**WORK TASK**
Nothing but an exact copy is asked for: the lines in the material below from the one with "Wjedź do akcji" through the one with "Цена контракта - 117", pictures excluded.

**INPUT RECORDS**
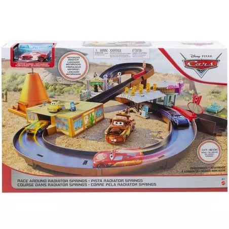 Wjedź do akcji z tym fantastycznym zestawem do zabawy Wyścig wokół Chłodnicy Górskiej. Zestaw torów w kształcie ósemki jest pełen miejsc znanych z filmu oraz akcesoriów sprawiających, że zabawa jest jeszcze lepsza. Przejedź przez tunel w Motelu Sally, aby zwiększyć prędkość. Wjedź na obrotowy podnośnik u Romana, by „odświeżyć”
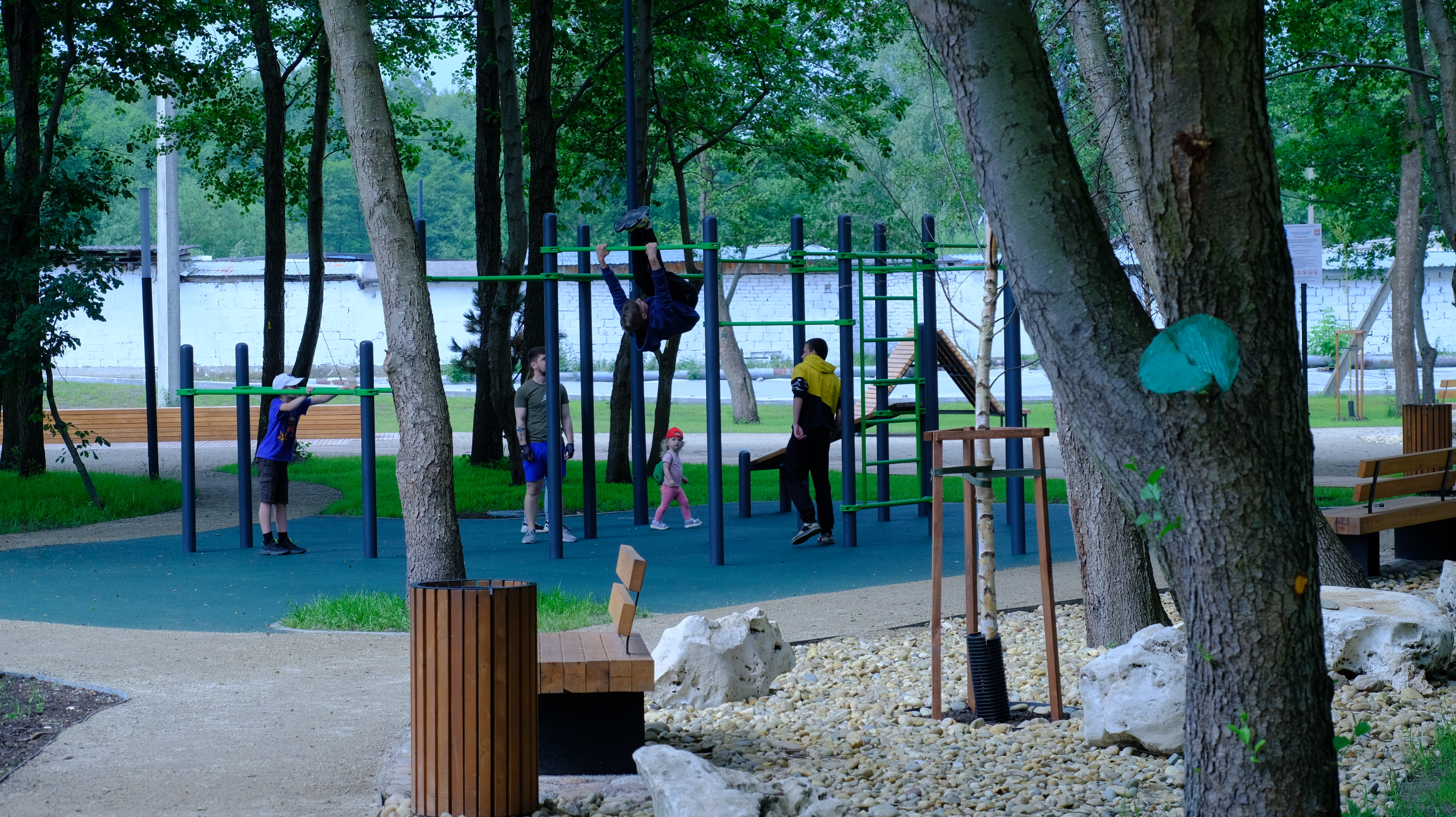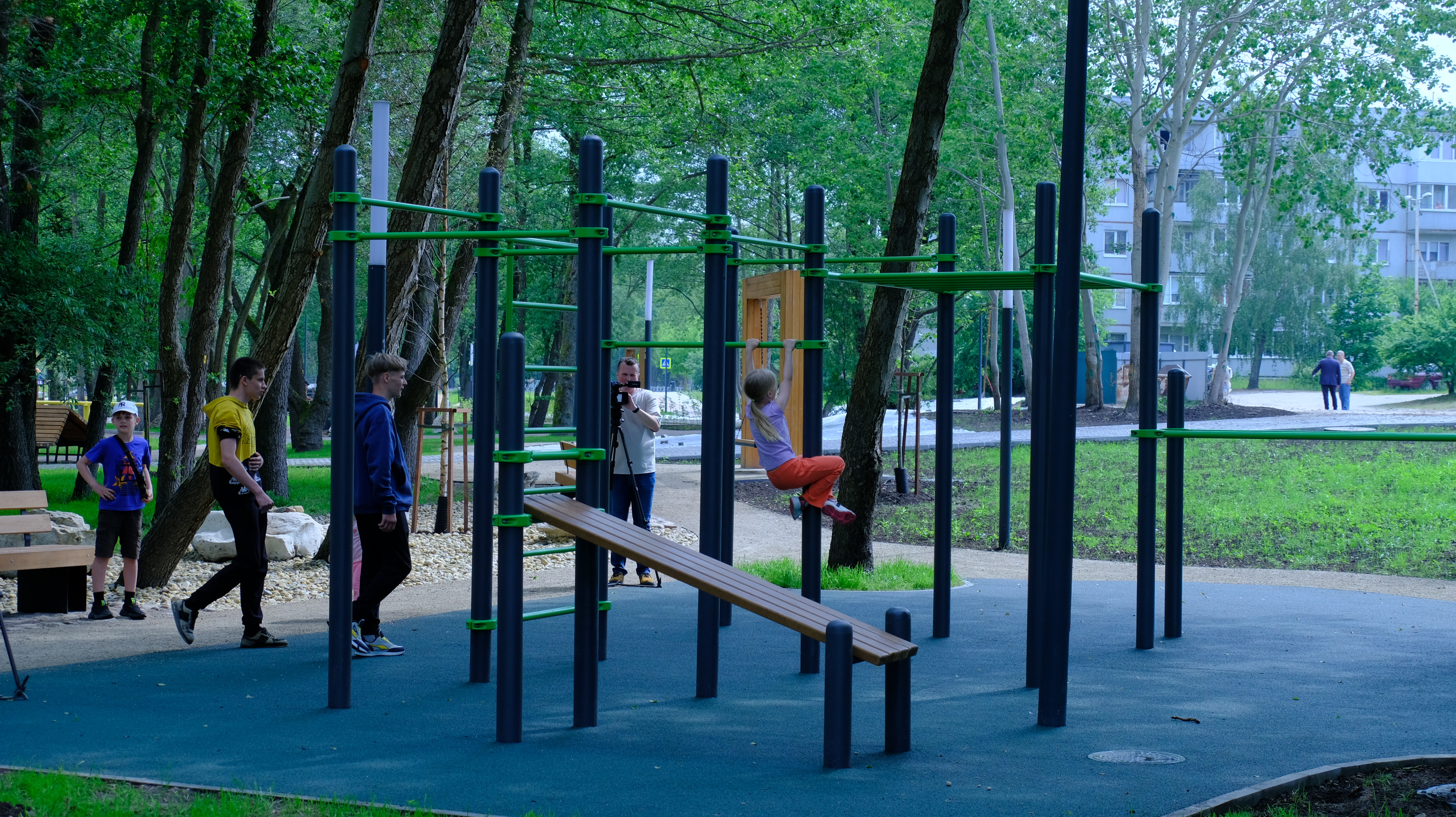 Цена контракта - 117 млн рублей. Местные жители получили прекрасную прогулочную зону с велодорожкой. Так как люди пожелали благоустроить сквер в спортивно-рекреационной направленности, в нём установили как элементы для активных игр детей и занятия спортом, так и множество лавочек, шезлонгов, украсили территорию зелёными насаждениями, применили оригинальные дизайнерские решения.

==

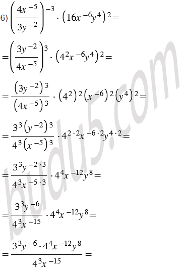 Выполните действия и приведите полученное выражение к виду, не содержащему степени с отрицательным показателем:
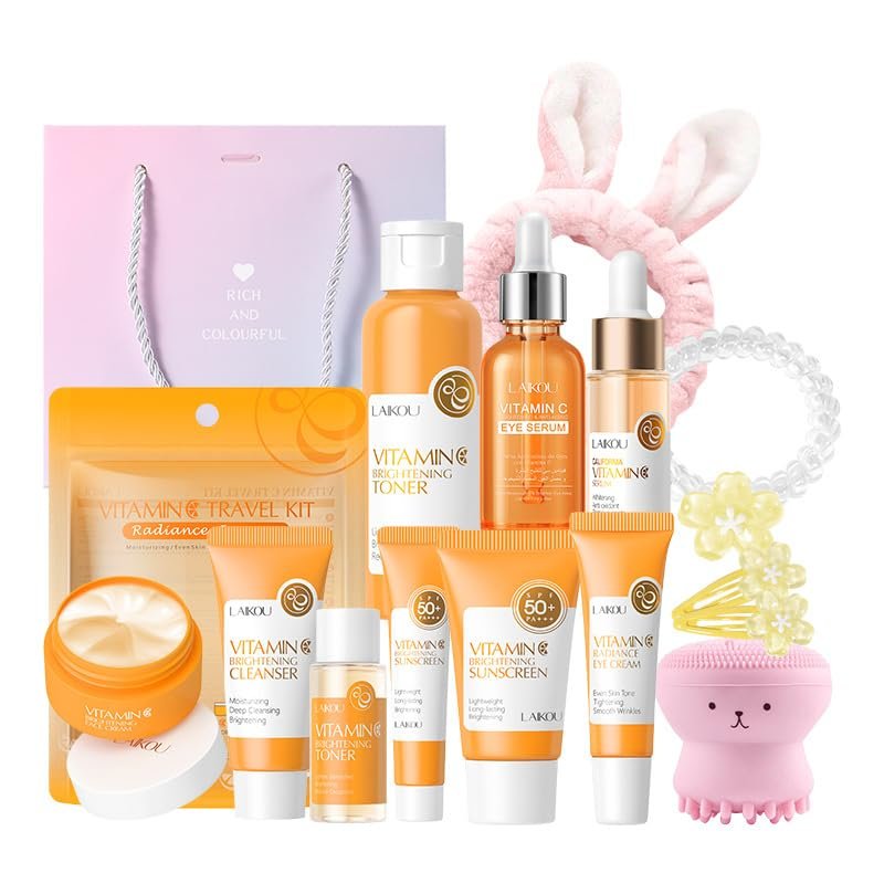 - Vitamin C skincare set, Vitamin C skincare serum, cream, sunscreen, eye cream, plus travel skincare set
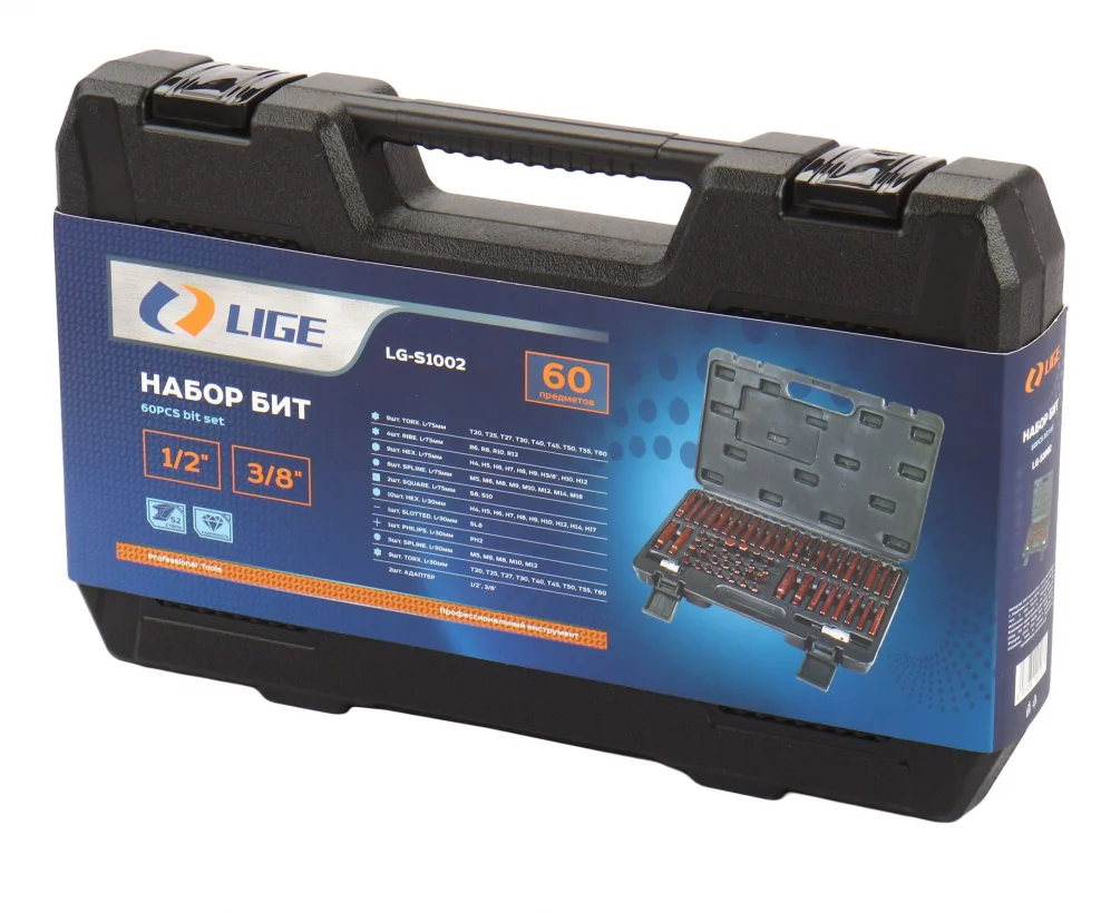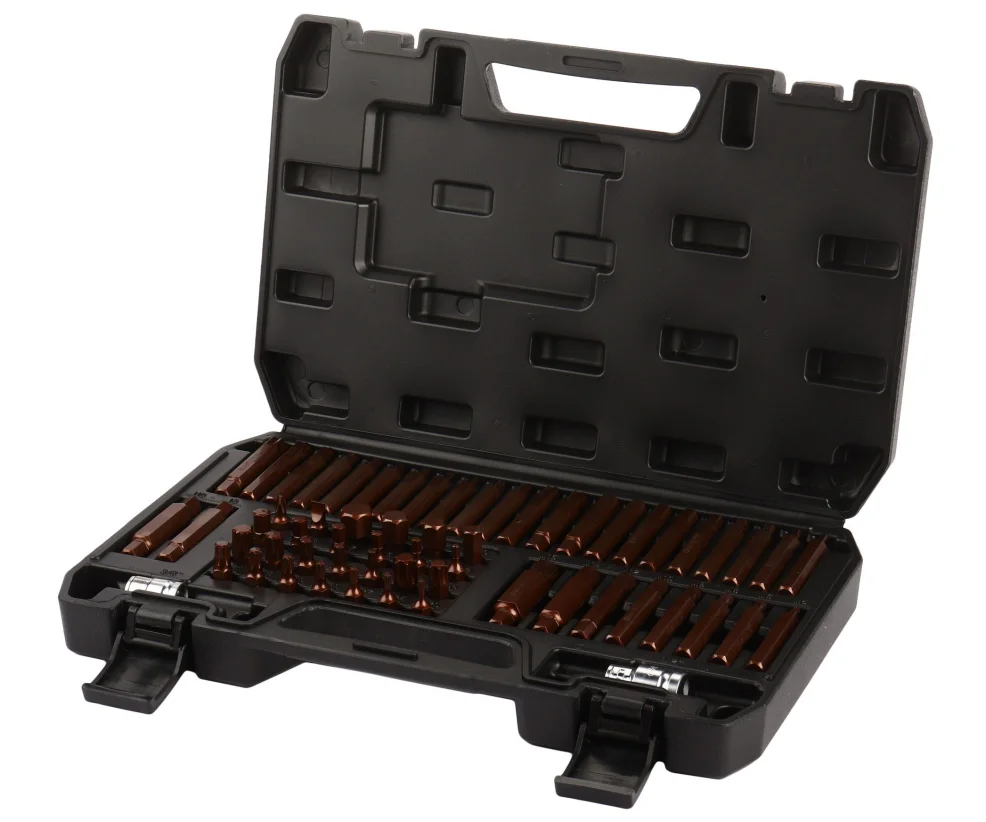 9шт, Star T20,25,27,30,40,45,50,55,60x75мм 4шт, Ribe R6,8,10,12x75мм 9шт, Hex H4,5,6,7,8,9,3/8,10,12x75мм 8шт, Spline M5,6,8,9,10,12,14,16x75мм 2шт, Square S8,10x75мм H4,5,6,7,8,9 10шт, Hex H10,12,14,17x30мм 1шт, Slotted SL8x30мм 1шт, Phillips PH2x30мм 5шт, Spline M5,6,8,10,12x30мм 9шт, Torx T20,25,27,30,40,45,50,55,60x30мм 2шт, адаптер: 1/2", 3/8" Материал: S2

**ANSWER FOR THE TASK**
 Wjedź do akcji z tym fantastycznym zestawem do zabawy Wyścig wokół Chłodnicy Górskiej. Zestaw torów w kształcie ósemki jest pełen miejsc znanych z filmu oraz akcesoriów sprawiających, że zabawa jest jeszcze lepsza. Przejedź przez tunel w Motelu Sally, aby zwiększyć prędkość. Wjedź na obrotowy podnośnik u Romana, by „odświeżyć”
 Цена контракта - 117 млн рублей. Местные жители получили прекрасную прогулочную зону с велодорожкой. Так как люди пожелали благоустроить сквер в спортивно-рекреационной направленности, в нём установили как элементы для активных игр детей и занятия спортом, так и множество лавочек, шезлонгов, украсили территорию зелёными насаждениями, применили оригинальные дизайнерские решения.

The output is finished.